Your instructions
Give all of the listing again word for word, with images excluded.

*** Materials provided ***

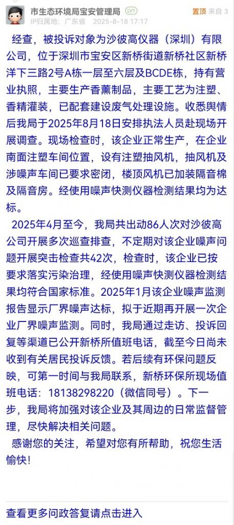 經(jīng)查,被投訴對(duì)象為沙彼高儀器(深圳)有限公司,位于深圳市寶安區(qū)新橋街道新橋社區(qū)新橋洋下三路2號(hào)A棟一層至六層及BCDE棟,持有營業(yè)執(zhí)照,主要生產(chǎn)香薰制品,主要工藝為注塑、香精灌裝,已配套建設(shè)廢氣處理設(shè)施。收悉輿情后我局于2025年8月18日安排執(zhí)法人員赴現(xiàn)場(chǎng)開展調(diào)查?,F(xiàn)場(chǎng)檢查時(shí),該企業(yè)正常生產(chǎn),在企業(yè)南面注塑車間位置,設(shè)有注塑抽風(fēng)機(jī),抽風(fēng)機(jī)及涉噪聲車間已要求密閉,樓頂風(fēng)機(jī)已加裝隔音棉及隔音房。經(jīng)使用噪聲快測(cè)儀器檢測(cè)結(jié)果均為達(dá)標(biāo)。
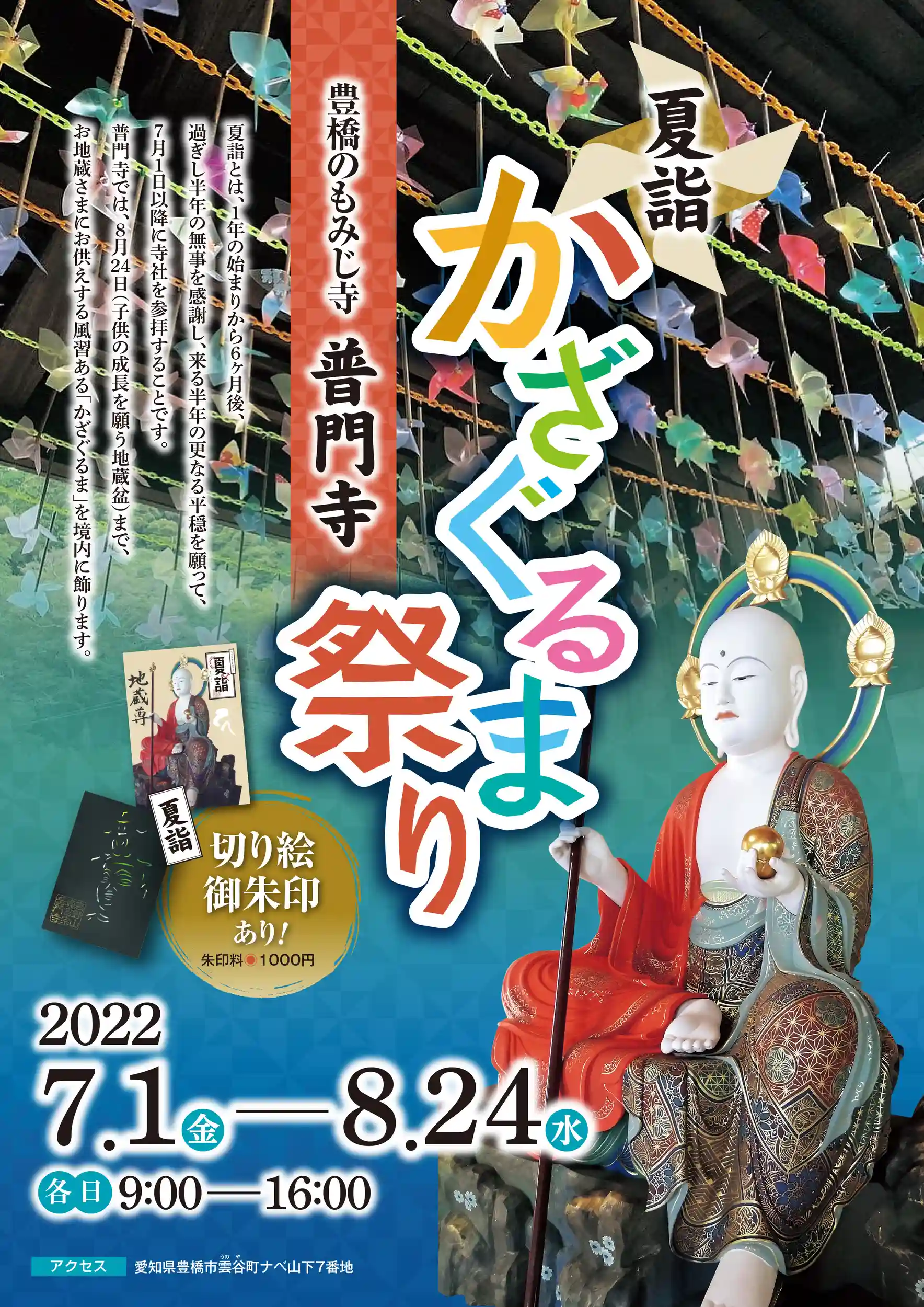 ②夏詣 公式ロゴ、江戸時代に造られた普門寺 地蔵菩薩像お姿入り
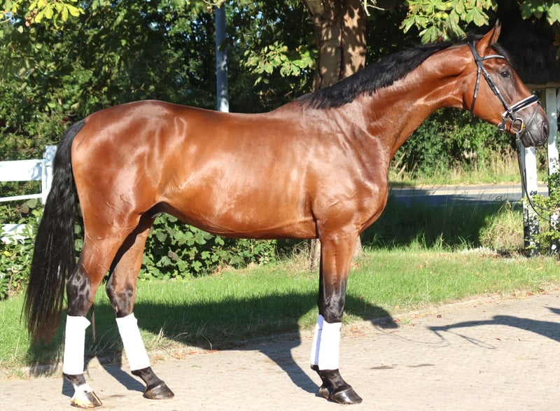 Typvoller 3 jähriger Wallach von Sezuan x Fürst Belissaro mit 3 sehr guten Grundgangarten, der alle Möglichkeiten für das große Viereck mitbringt. Er ist brav im Umgang jedoch noch nicht angeritten. Preis zzgl. Mwst. Anfragen nur telefonisch, E-mails werden nicht beantwortet.
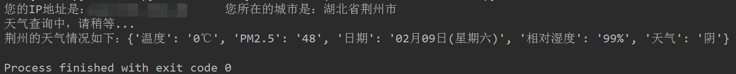 之前写过一篇用Python发送天气预报邮件的博客,但是因为要手动输入城市名称,还要打开邮箱才能知道天气情况,这也太麻烦了。于是乎,有了这一篇博客,这次我要做的就是用Python获取本机IP地址,并根据这个IP地址获取物理位置也就是我所在的城市名称,然后用之前的办法实现查询天气,再利用百度语音得到天气预报的MP3文件,最后播放,这样是不是就很方(tou)便(lan)了呢?
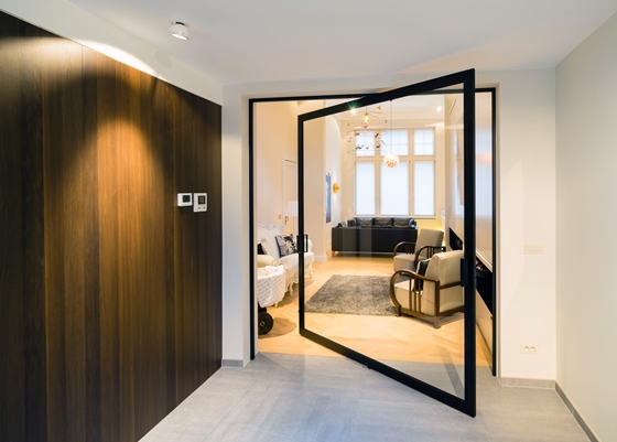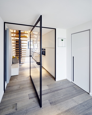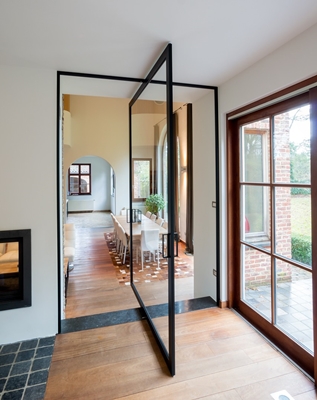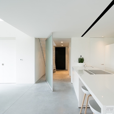 Een glazen taatsdeur tot maximaal 5.5m² is hierdoor vederlicht te bedienen. De 'Anyway' filosofie laat de deur in alle mogelijke richtingen opendraaien. De scharnieren kunnen naar wens excentrisch of centraal op de vloer opgebouwd worden.
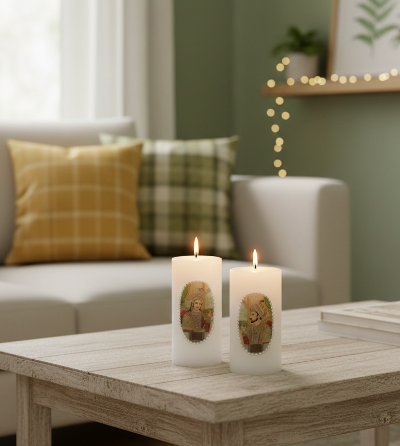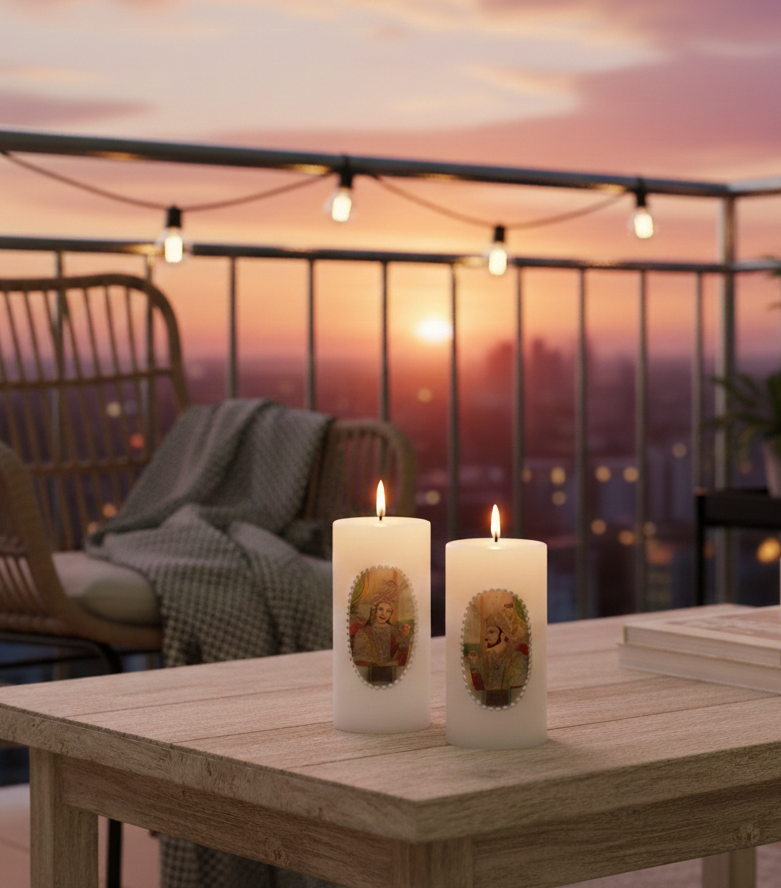Religious Soy Wax Pillar Candles 2 Set-Handcrafted Eco-Friendly Spiritual Home Decor for Christmas & Halloween Festive Occasions

***

Solution for this exercise
 經(jīng)查,被投訴對(duì)象為沙彼高儀器(深圳)有限公司,位于深圳市寶安區(qū)新橋街道新橋社區(qū)新橋洋下三路2號(hào)A棟一層至六層及BCDE棟,持有營業(yè)執(zhí)照,主要生產(chǎn)香薰制品,主要工藝為注塑、香精灌裝,已配套建設(shè)廢氣處理設(shè)施。收悉輿情后我局于2025年8月18日安排執(zhí)法人員赴現(xiàn)場(chǎng)開展調(diào)查?,F(xiàn)場(chǎng)檢查時(shí),該企業(yè)正常生產(chǎn),在企業(yè)南面注塑車間位置,設(shè)有注塑抽風(fēng)機(jī),抽風(fēng)機(jī)及涉噪聲車間已要求密閉,樓頂風(fēng)機(jī)已加裝隔音棉及隔音房。經(jīng)使用噪聲快測(cè)儀器檢測(cè)結(jié)果均為達(dá)標(biāo)。
 ②夏詣 公式ロゴ、江戸時代に造られた普門寺 地蔵菩薩像お姿入り
 Typvoller 3 jähriger Wallach von Sezuan x Fürst Belissaro mit 3 sehr guten Grundgangarten, der alle Möglichkeiten für das große Viereck mitbringt. Er ist brav im Umgang jedoch noch nicht angeritten. Preis zzgl. Mwst. Anfragen nur telefonisch, E-mails werden nicht beantwortet.
 之前写过一篇用Python发送天气预报邮件的博客,但是因为要手动输入城市名称,还要打开邮箱才能知道天气情况,这也太麻烦了。于是乎,有了这一篇博客,这次我要做的就是用Python获取本机IP地址,并根据这个IP地址获取物理位置也就是我所在的城市名称,然后用之前的办法实现查询天气,再利用百度语音得到天气预报的MP3文件,最后播放,这样是不是就很方(tou)便(lan)了呢?
 Een glazen taatsdeur tot maximaal 5.5m² is hierdoor vederlicht te bedienen. De 'Anyway' filosofie laat de deur in alle mogelijke richtingen opendraaien. De scharnieren kunnen naar wens excentrisch of centraal op de vloer opgebouwd worden.
Religious Soy Wax Pillar Candles 2 Set-Handcrafted Eco-Friendly Spiritual Home Decor for Christmas & Halloween Festive Occasions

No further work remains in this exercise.